(Beginning of Provided information)

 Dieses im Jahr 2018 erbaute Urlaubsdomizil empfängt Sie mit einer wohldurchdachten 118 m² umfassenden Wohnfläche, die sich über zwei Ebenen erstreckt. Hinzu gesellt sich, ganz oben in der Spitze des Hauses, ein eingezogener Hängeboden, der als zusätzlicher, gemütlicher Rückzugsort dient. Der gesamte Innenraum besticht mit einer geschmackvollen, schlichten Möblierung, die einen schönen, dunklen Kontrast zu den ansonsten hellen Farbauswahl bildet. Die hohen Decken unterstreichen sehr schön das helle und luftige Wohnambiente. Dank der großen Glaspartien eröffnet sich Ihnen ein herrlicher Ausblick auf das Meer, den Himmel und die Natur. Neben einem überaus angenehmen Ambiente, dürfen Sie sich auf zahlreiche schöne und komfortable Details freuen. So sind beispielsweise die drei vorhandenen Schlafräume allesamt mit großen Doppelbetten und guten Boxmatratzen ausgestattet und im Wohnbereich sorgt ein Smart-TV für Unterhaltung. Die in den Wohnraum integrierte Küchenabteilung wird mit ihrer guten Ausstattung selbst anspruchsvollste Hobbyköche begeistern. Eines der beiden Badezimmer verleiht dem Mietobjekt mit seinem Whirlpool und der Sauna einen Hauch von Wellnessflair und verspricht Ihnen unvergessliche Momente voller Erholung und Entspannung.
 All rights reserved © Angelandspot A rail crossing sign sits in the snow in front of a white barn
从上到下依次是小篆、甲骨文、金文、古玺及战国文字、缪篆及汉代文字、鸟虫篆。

(End of Provided information)
(Beginning of Provided information)

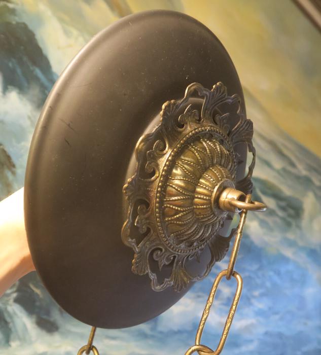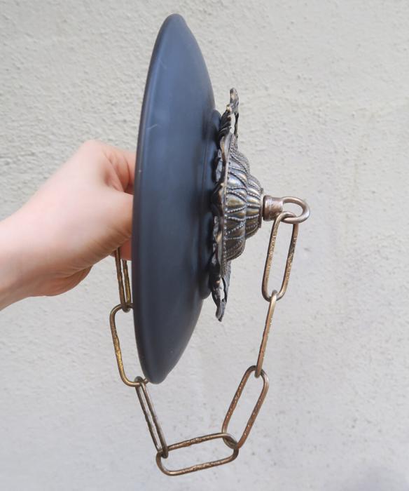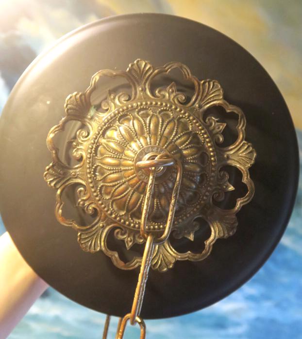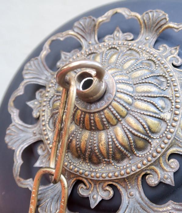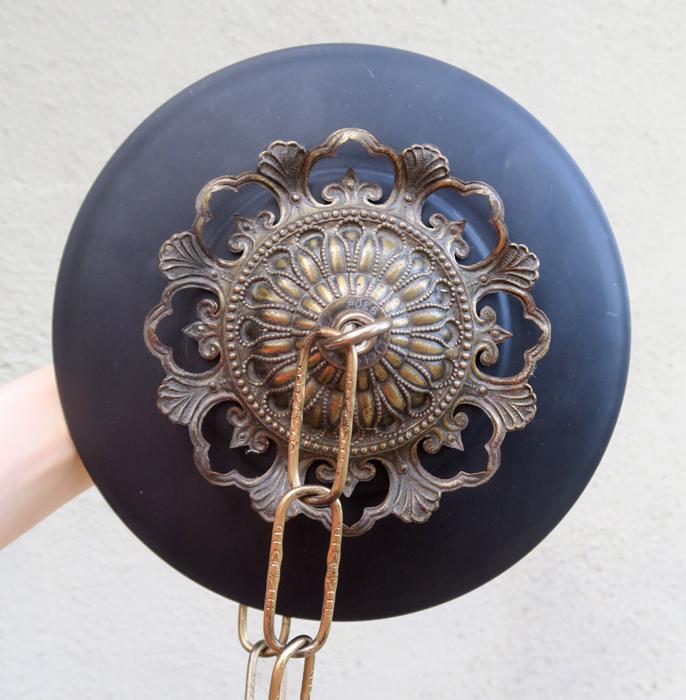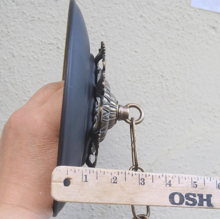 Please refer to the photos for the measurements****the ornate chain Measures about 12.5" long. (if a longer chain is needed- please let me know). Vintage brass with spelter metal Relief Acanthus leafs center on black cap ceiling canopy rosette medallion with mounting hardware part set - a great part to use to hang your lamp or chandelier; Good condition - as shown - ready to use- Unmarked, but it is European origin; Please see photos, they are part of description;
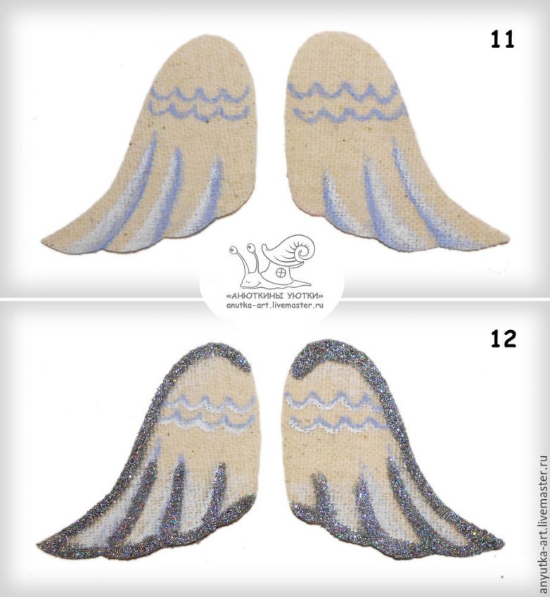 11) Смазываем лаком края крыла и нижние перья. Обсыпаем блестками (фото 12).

(End of Provided information)
(Beginning of Provided information)

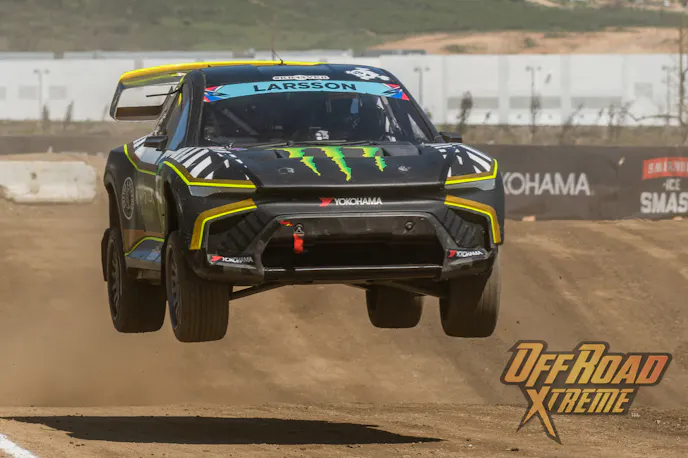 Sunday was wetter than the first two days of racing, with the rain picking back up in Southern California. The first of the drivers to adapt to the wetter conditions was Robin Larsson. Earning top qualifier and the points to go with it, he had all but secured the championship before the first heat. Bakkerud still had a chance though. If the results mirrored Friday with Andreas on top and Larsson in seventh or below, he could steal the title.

(End of Provided information)

## Required work
Lines to set down from above: the line with "All rights reserved", the line with "从上到下依次是小篆、甲骨文、金文、古玺及战国文字、缪篆及汉代文字、鸟虫篆。", and every line between, each exactly as written.

## Solved problem
 All rights reserved © Angelandspot A rail crossing sign sits in the snow in front of a white barn
从上到下依次是小篆、甲骨文、金文、古玺及战国文字、缪篆及汉代文字、鸟虫篆。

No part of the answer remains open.